Inhibition of ATP-activated potassium channels exerts pressor effects and improves survival in a rat model of severe hemorrhagic shock

Csaba Szabó, Andrew L. Salzman

    Research output: Contribution to journalArticle

    44 Scopus citations

    Abstract

    Potassium channels closed by increases in intracellular ATP levels (KATP channels) have been described in vascular smooth muscle cells and other cell types.
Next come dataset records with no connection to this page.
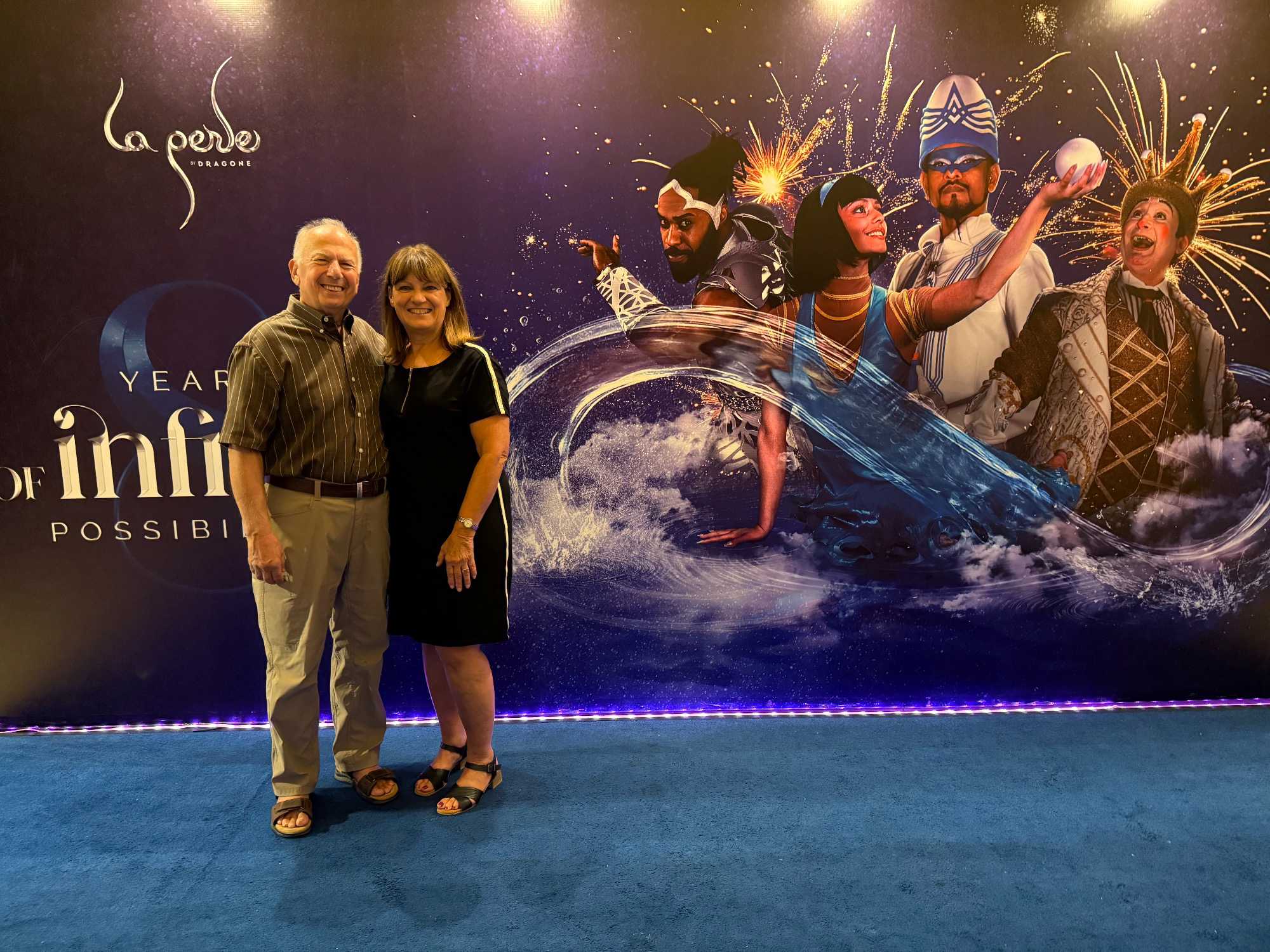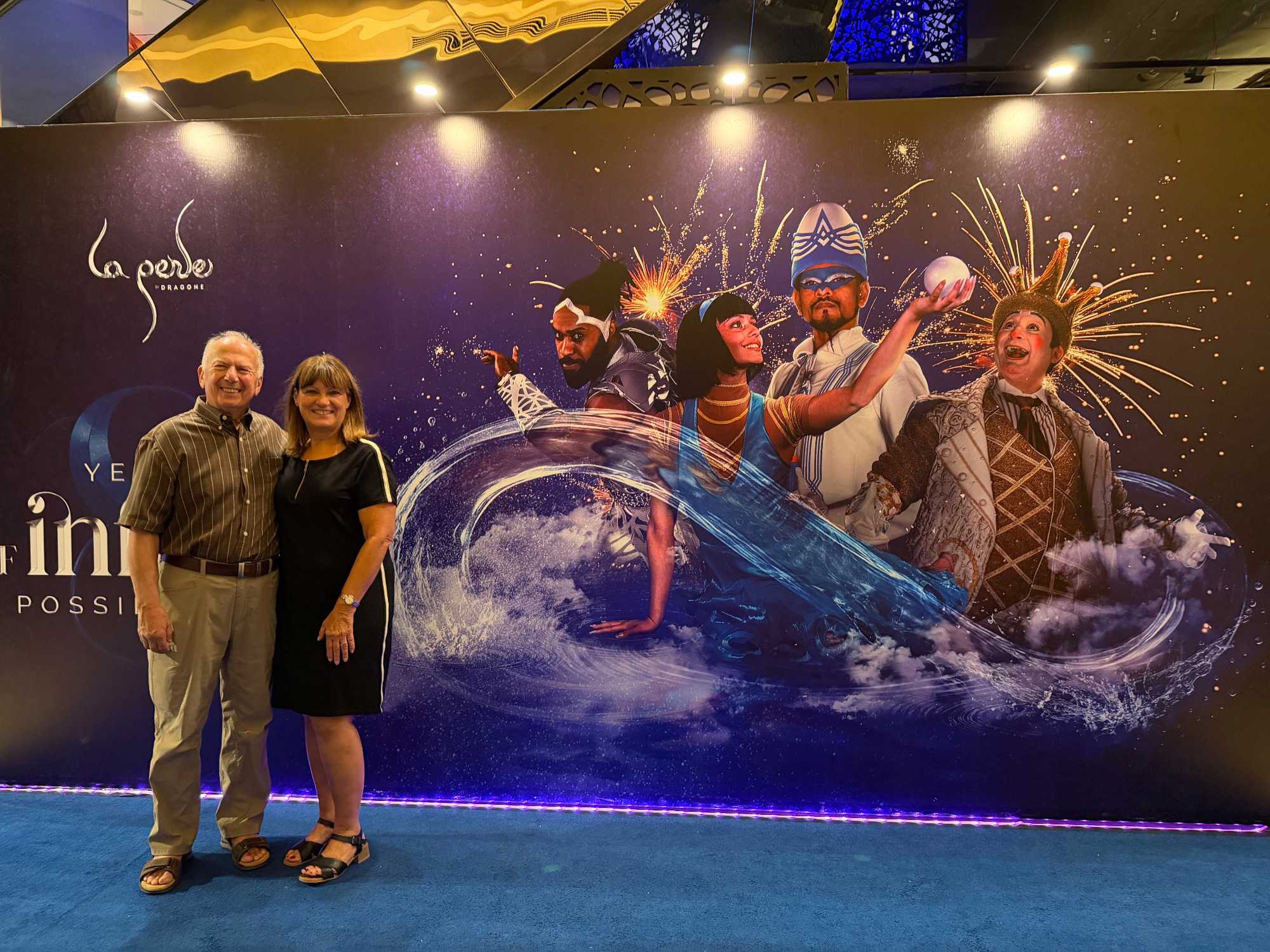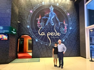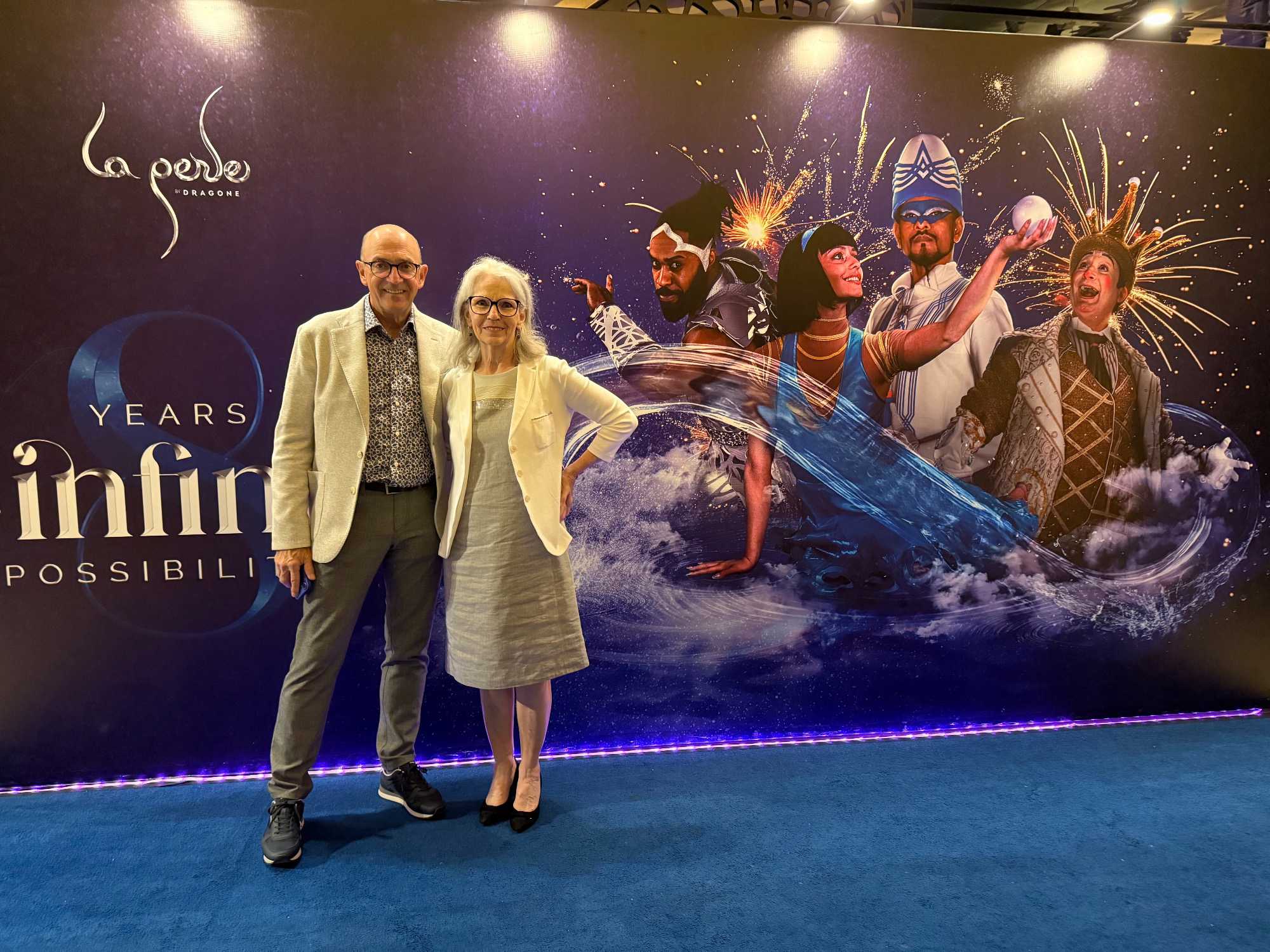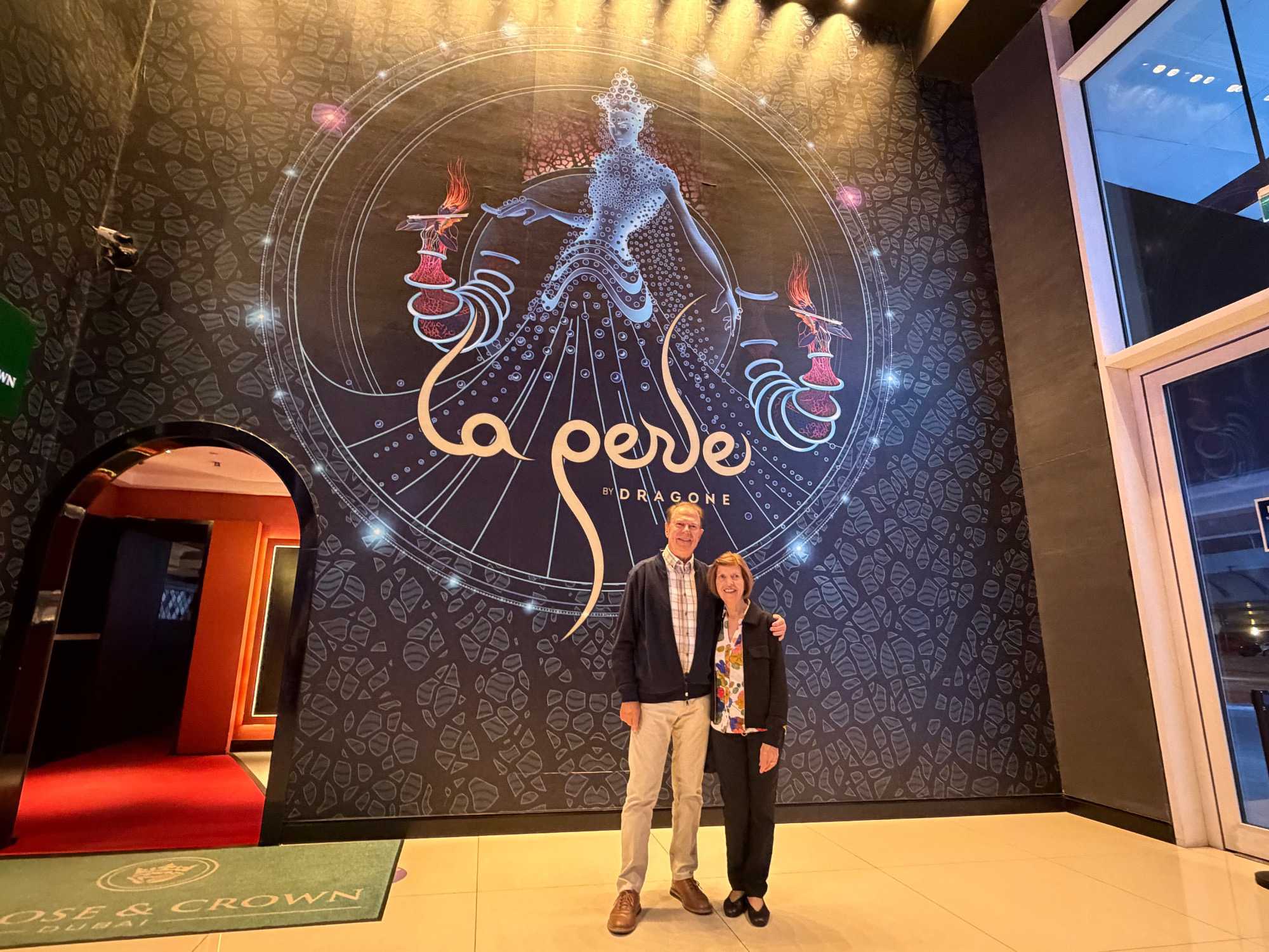 En fin d’après-midi, nous repartons, tous bien vêtus et souriants, pour assister au spectacle “La Perle” 💫, une création du célèbre Franco Dragone, metteur en scène belge mondialement reconnu pour ses chefs-d’œuvre “O” au Bellagio et “Le Rêve” au Wynn de Las Vegas. Quel spectacle grandiose, nous avons tous adoré!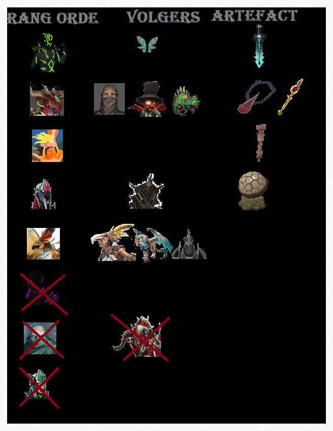 De personages van the saradomin flag met een kleine beschrijving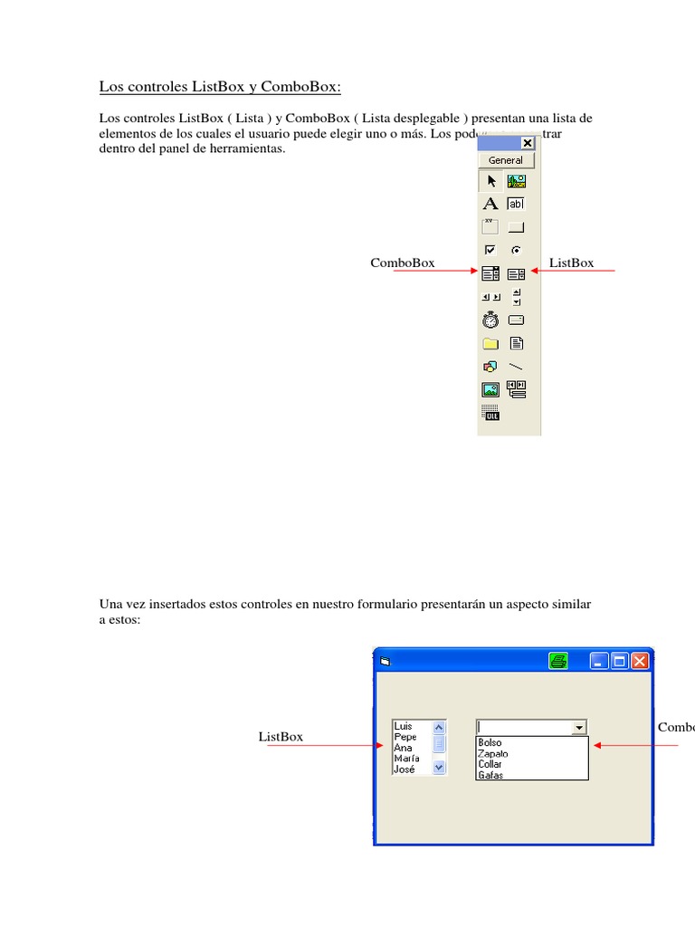 Los controles ListBox ( Lista ) y ComboBox ( Lista desplegable ) presentan una lista de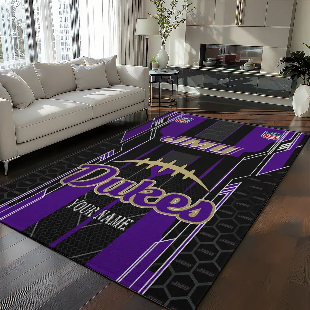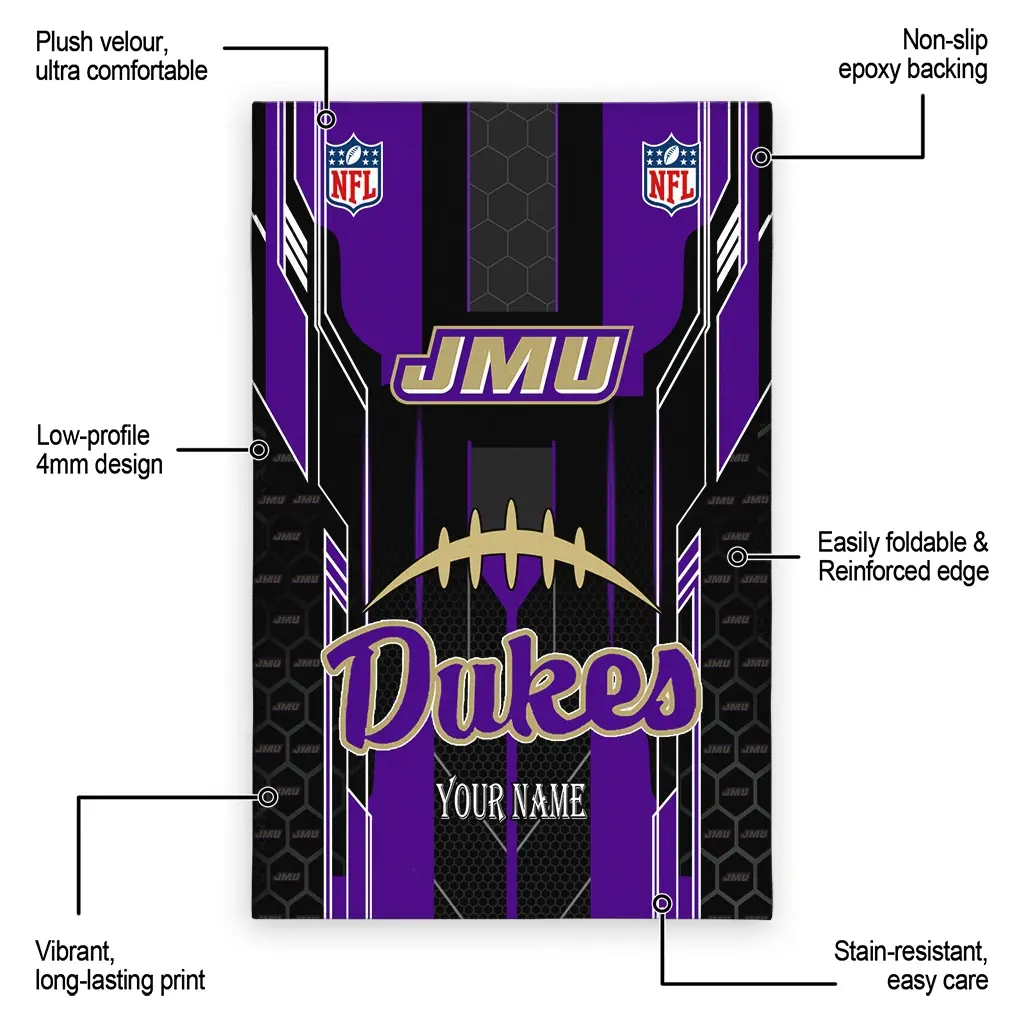 Hit a home run with your favorite team by displaying the James Madison Dukes Rug – Personalized Football Laces Purple from MLB Fan Zone. Featuring a bold team design and crafted with plush velour, this durable sports rug offers ultimate comfort for your home or game-day fan cave. With a quality non-slip grip and stay-flat design, it’s the perfect accessory for any die-hard fan ready to rep their team from the living room to the clubhouse.

These channels are responsive to the metabolic state of the cells, and can be opened by a decrease in intracellular ATP levels and intra- or extracellular acidosis. Hemorrhagic shock is associated with early vasomotor paralysis as well as with early derangements in the intracellular metabolic status. Here we have tested whether activation of KATP channels contributes to the vasodilatation and early mortality in a rat model of severe hemorrhagic shock. In anesthetized rats hemorrhaged to a mean arterial blood pressure (MAP) of 35 mmHg, inhibition of KATP channels with glibenclamide or tolazamide (10 mg/kg i.v. bolus injection followed by an infusion of 10 mg/kg/h for 60 min), rapidly increased MAP and improved survival rate. The same dose of the KATP channel inhibitors did not cause a significant increase of MAP in animals not subjected to hemorrhage. The approach of inhibition of KATP channel activation in hemorrhagic shock is worthy of further investigations to determine whether it may represent a novel approach for early resuscitation during hemorrhage.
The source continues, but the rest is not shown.